• **Information shown**
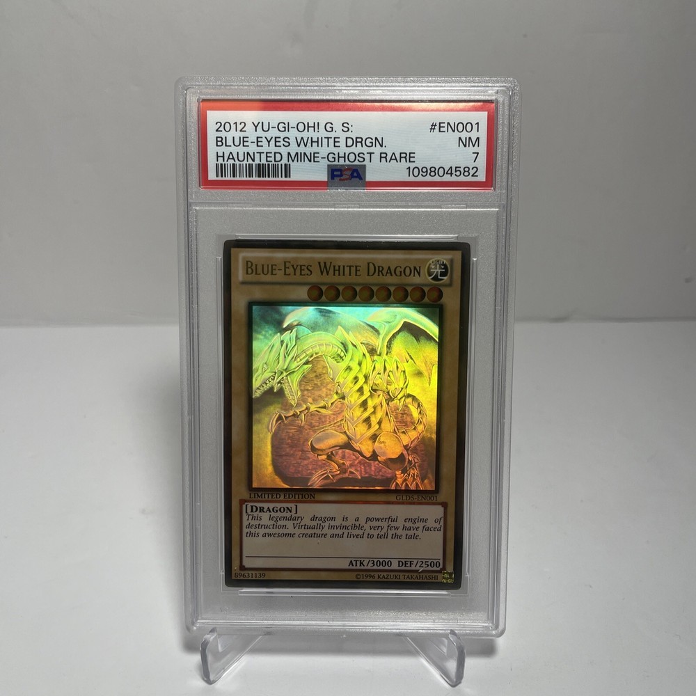2012 Yu-Gi-Oh! Blue-Eyes White Dragon GLD5-EN001 Ghost Gold Rare PSA 7 NM. Condition is Graded. Shipped with USPS First Class.
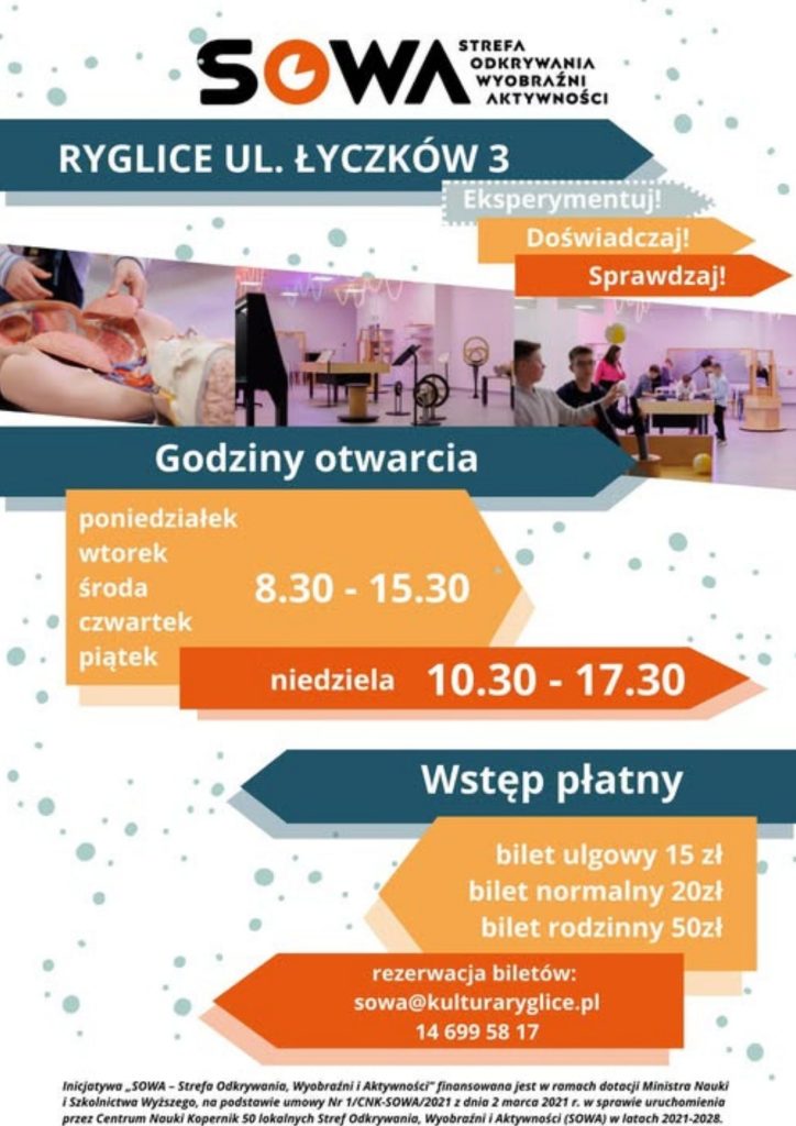 „SOWA” w Ryglicach powstała dzięki współpracy Centrum Nauk Kopernik, Ministerstwa Nauki i Szkolnictwa Wyższego, Centrum Kultury w Ryglicach oraz Gminy Ryglice.
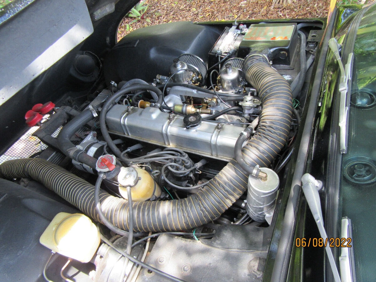 A tidy engine compartment houses the original 2.5-liter twin-carb Triumph six-cylinder engine. The engine was rated for 106 horsepower in 1973. That power fed through a four-speed manual transmission is sufficient to provide lively acceleration and plenty of smiles in such a lightweight car.

• **Activity**
Restate the material above exactly. Exclude all pictures.

• **Your solution**
2012 Yu-Gi-Oh! Blue-Eyes White Dragon GLD5-EN001 Ghost Gold Rare PSA 7 NM. Condition is Graded. Shipped with USPS First Class.
 „SOWA” w Ryglicach powstała dzięki współpracy Centrum Nauk Kopernik, Ministerstwa Nauki i Szkolnictwa Wyższego, Centrum Kultury w Ryglicach oraz Gminy Ryglice.
 A tidy engine compartment houses the original 2.5-liter twin-carb Triumph six-cylinder engine. The engine was rated for 106 horsepower in 1973. That power fed through a four-speed manual transmission is sufficient to provide lively acceleration and plenty of smiles in such a lightweight car.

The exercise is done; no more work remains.